Many bankers say that banking is necessary, but banks are not. In a similar vein, the fintech revolution is here to stay, although individual fintechs may not be.

Secular trend towards modern tech stacks 

In the past year, banks were slated to spend around $623 billion on IT products and services. There have been a few emerging trends from this spending. According to the Harris Poll and IBV study: "A slight majority of companies have now embraced hybrid cloud (56%).”

With users embracing hybrid cloud as their model of choice, banks can maximise the flexibility and scalability of public cloud, while maintaining the security and latency of private networks.

Banks need to navigate a labyrinth of privacy regulations that other companies don’t bother with as much. Since the General Data Protection Regulation came into force in the European Union in 2018, countries like Australia, Switzerland and Thailand have enacted similar laws. Even tech giants are grappling with the growing calls for more regulation when it comes to consumer rights.
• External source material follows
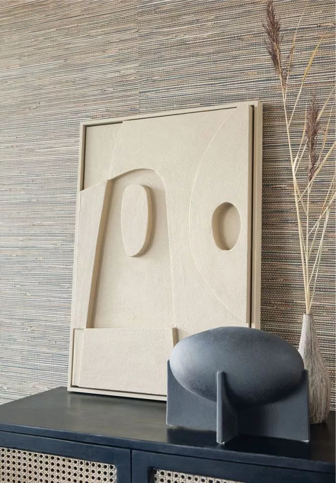 Like a fingerprint, no two rolls of this natural material are alike. Fibres may absorb colours differently and, thanks to their unique traits, vary in size. This wallcovering has no repeat, and always creates a panel effect. This expressive natural variance enhances the charm of this unique product, creating shade and depth.

Regulators and governments across the world have woken up to the fact that their citizen’s data is an asset. They have picked up the pace on data localisation, ensuring that their consumer-citizen’s data is kept firmly within the geographical and regulatory limits they control.

Digital targeting is changing. Apple’s iOS update put users in control of their own data. Cookies and unique identifiers are out of favour, and first-party data is becoming more critical. This shifts power from platforms hawking third-party data solutions to enterprises harnessing their own first-party data. Each of these represents an opportunity and a challenge.

Data and AI are at the core of these shifts

Modern tech stacks throw off exponentially large amounts of data that enable better customer engagement that drives disruptive business models that provide even more data. 

The growing centrality of data and emerging trends in artificial intelligence (AI) means banks can scale faster and at a lower cost. They can now profile and engage customers better and innovate products and businesses. 

Banks need to harness the power of data and make it work to stay relevant. They must have the ability to use, ingest, curate and enrich data and build AI models for data monetisation—plug into any digital ecosystem and analyse their data, and convert these insights into compelling customer experiences. 

A bank is no slouch in collecting data. They get information from billions of wallet, banking, credit and debit card transactions each day across the globe. In India, Unified Payments Interface alone processes 10 billion transactions every month. It’s not just transactions—banks also collect a wealth of demographic, location, preference and other data.

However, when it comes to exploiting their data asset, far too often banks are their own slowest-mover enemy. They operate traditionally with ineffective data silos, a lack of accurate, high-quality enriched data, and a ‘we can do it all and this is my core differentiator’ mindset. They risk repeating what happened over the last decade in digital—and lose ground to fast-paced AI-first companies.

They need to think differently and focus on accelerating value from data. McKinsey estimates that being AI-first can drive up to $1 trillion in new value every year. And this starts with their mindset.

 

Suresh V Shankar is the founder and CEO of Crayon Data, an AI, big data and analytics company, headquartered in Singapore.